**Data excerpt:**

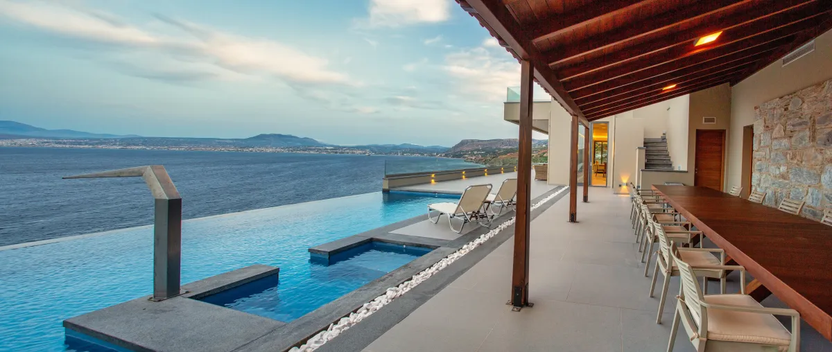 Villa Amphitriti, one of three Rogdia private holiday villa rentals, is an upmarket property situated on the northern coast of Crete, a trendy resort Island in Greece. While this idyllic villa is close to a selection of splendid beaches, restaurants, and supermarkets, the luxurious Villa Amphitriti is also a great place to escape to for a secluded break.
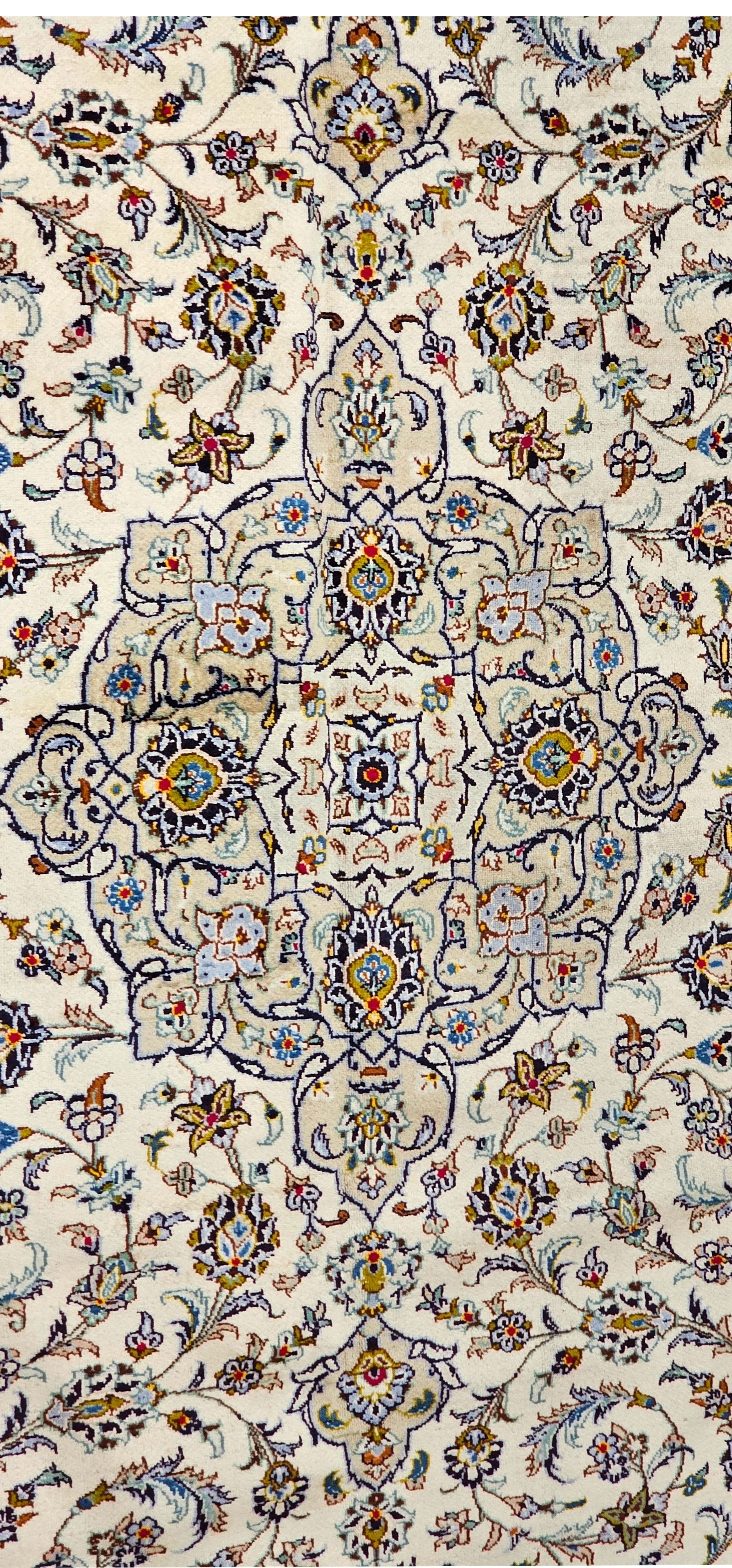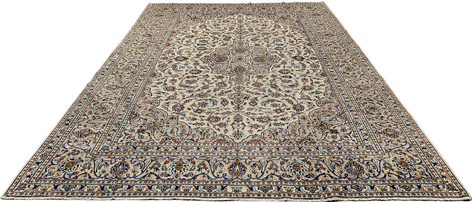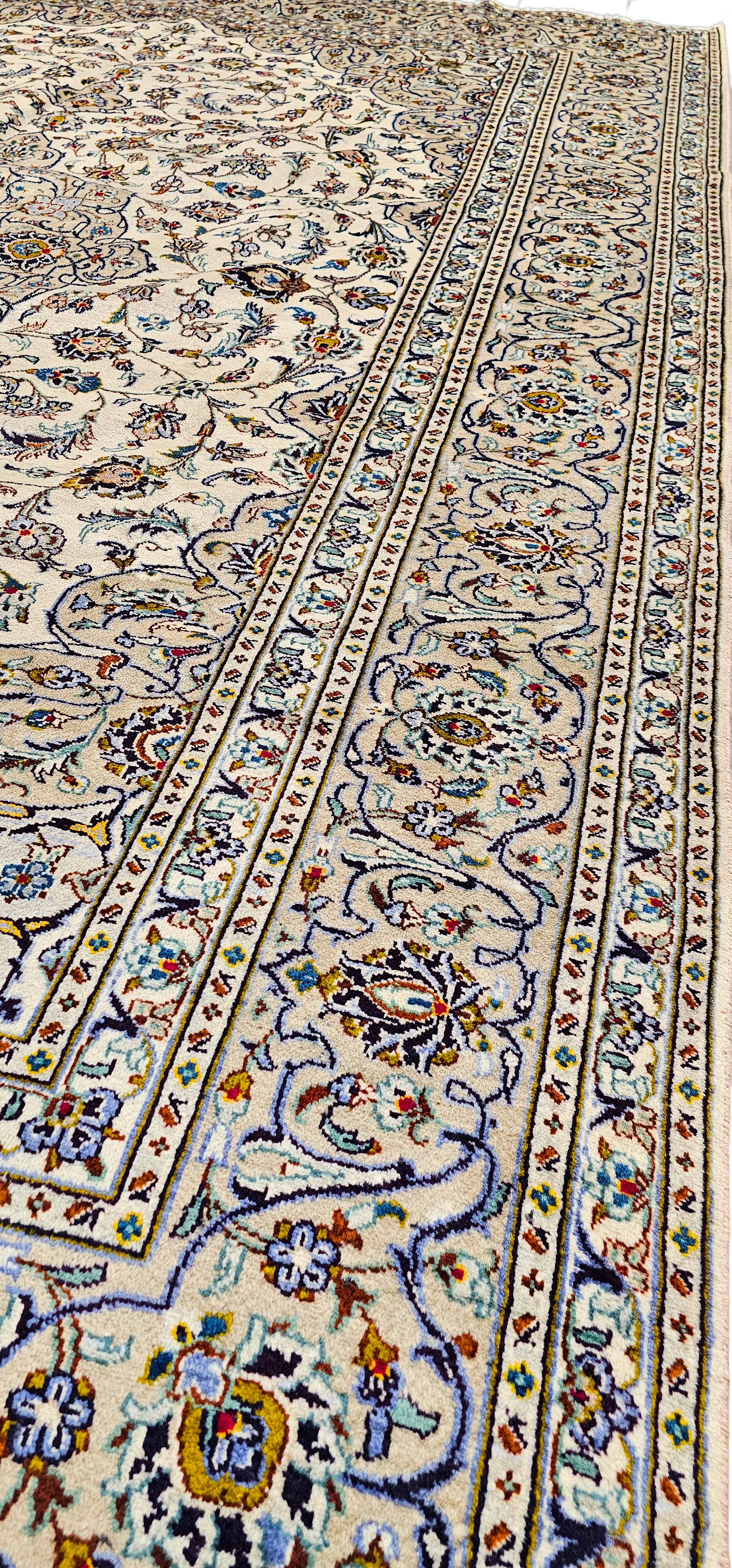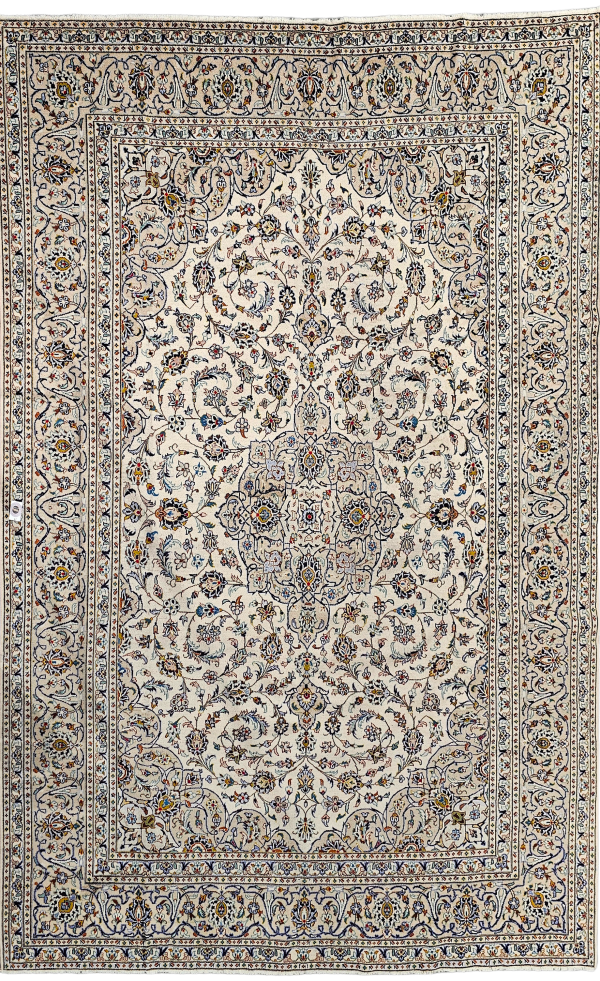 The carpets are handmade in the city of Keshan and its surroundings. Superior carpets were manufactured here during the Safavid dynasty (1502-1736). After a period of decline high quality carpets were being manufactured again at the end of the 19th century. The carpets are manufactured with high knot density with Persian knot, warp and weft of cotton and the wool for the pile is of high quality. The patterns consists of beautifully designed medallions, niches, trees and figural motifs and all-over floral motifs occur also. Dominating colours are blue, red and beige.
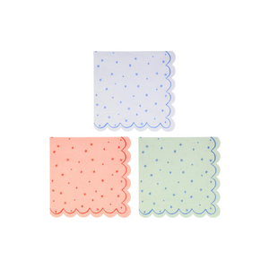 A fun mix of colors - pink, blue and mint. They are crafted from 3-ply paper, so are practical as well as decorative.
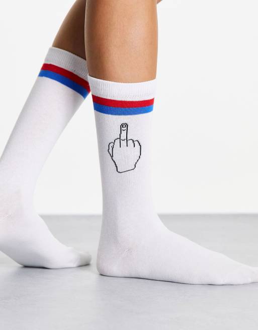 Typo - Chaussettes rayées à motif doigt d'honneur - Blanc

**Action item:**
Retype the listing exactly and drop the pictures.

**Exercise solution:**
 Villa Amphitriti, one of three Rogdia private holiday villa rentals, is an upmarket property situated on the northern coast of Crete, a trendy resort Island in Greece. While this idyllic villa is close to a selection of splendid beaches, restaurants, and supermarkets, the luxurious Villa Amphitriti is also a great place to escape to for a secluded break.
 The carpets are handmade in the city of Keshan and its surroundings. Superior carpets were manufactured here during the Safavid dynasty (1502-1736). After a period of decline high quality carpets were being manufactured again at the end of the 19th century. The carpets are manufactured with high knot density with Persian knot, warp and weft of cotton and the wool for the pile is of high quality. The patterns consists of beautifully designed medallions, niches, trees and figural motifs and all-over floral motifs occur also. Dominating colours are blue, red and beige.
 A fun mix of colors - pink, blue and mint. They are crafted from 3-ply paper, so are practical as well as decorative.
 Typo - Chaussettes rayées à motif doigt d'honneur - Blanc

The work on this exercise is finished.